Coda: Collective, Intersensorial, Incommensurable
This book has explored a series of concepts and aesthetic experiments that exemplify the affordances of olfactory worldmaking. Through close analysis of narratives and practices oriented by scent, we have explored how smellscape redistributes access to sensory memory, how olfactory projects such as conjure materialize microclimates supportive of black life and cultural continuity, and how speculative narratives deploy scent to stage desires and kinships that exceed the scope of liberal humanism. Across all these examples, olfactory worldmaking leverages the collective nature of atmosphere to reshape the scope and contours of lived, breathed, and embodied community.
I would like to conclude by reflecting on two complicating factors—intersensoriality and incommensurability—that I have not had sufficient space to address in detail, and that I hope will offer helpful cues for future research in olfactory aesthetics. This book’s focus on smell has limited its attention to the complex and open-ended ways in which olfaction interacts with other senses. While I have not directly engaged the recent intersensorial turn in sensory studies,1 many of the examples studied here have highlighted smell in relation to other senses: visual representation in Cariou and Stout’s artworks, erotic memories of touch and taste in Tanaïs’s memoir, temperature and atmospheric motion in Yi’s exhibition, the haptics and taste of tentacular and vampiric interactions in Butler’s novels. Centering smell destabilizes our sensorial norms, challenging us to relate differently to other senses—including the typically dominant senses of vision and hearing—through the transcorporeal, chemosensory, affective, visceral, and atmospheric experiences activated by olfaction.

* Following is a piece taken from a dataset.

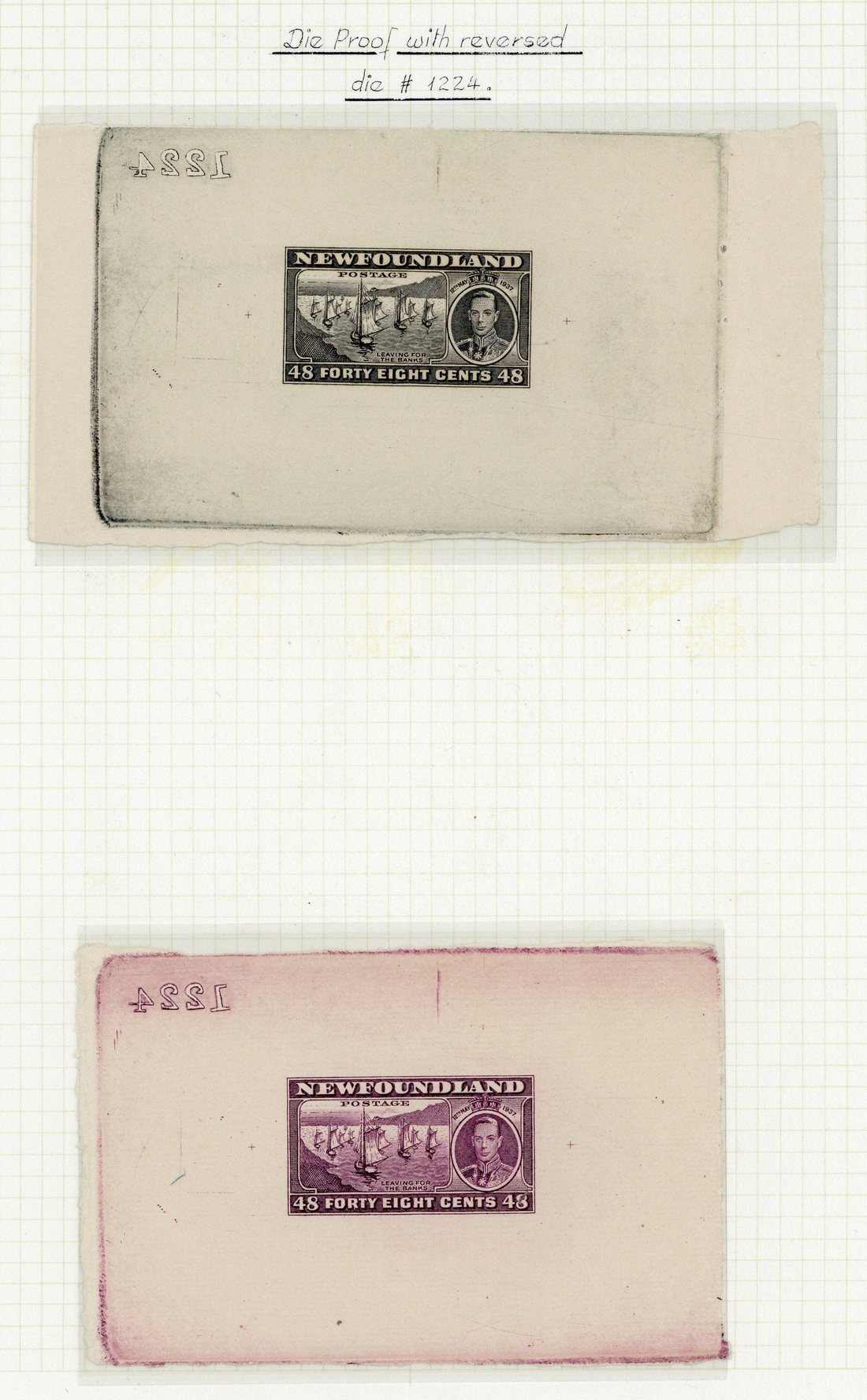 48c. The Banks Fishing Fleet (2) in purple on wove paper (100x65mm.) and in black on wove paper (123x63mm.) showing complete die impressions and die numbers

Incommensurability highlights tensions between worldmaking projects, and reminds us that worldmaking is not inherently “good” or “bad.” Instead, we must consider the tensions between different projects of reparative worldmaking—for example, between the desired and memory-suffused smellscapes of diasporic and Indigenous breathers, or between fragrance-free spaces that are accessible to people with environmental sensitivities and BIPOC microclimates oriented by a shared scent (for example, a conjure ritual, a durian feast, or an olfactory art installation). Attention to worldmaking may help clarify and communicate what is at stake in different and potentially incommensurable olfactory projects. This requires attention not only to what smell communicates but to its opacity—to the untranslatable, unruly qualities of olfactory responses. Smell’s tendency to resist full disclosure—its subjective, contingent, indeterminate, and nonrepresentational qualities—is not something to be overcome or made transparent through sensitization, translation, or machine learning. Olfactory ethics should be framed not only as the expansion of olfactory tolerance and understanding but as the acknowledgment of limits to olfactory communion. These limits reframe atmospheric violence and repair not as occasions for expanded sympathy but as conditions from which we might work toward “solidarity in incommensurability.”2
These issues are not only topics for further research but also reminders of the need for modesty in sensorial research. Studying smell as a way of making and remaking worlds conveys both the capaciousness of what smell can do and the limitations of our sensorial habits and methods. Collective, intersensorial, and incommensurable processes of olfactory worldmaking underscore how little we know about what smelling is or what futures might emerge from any olfactory encounter.
Notes
1. See, e.g., David Howes, “Multisensory Anthropology,” Annual Review of Anthropology 48 (2019): 17–28, and Polina Dimova, At the Crossroads of the Senses: The Synaesthetic Metaphor Across the Arts in European Modernism (Penn State University Press, 2024).
2. Michelle Huang and Carlos Alonso Nugent, “Solidarity in Incommensurability: Ethnic Studies and the Environmental Humanities,” American Quarterly 77, no. 1 (March 2025): 133–44.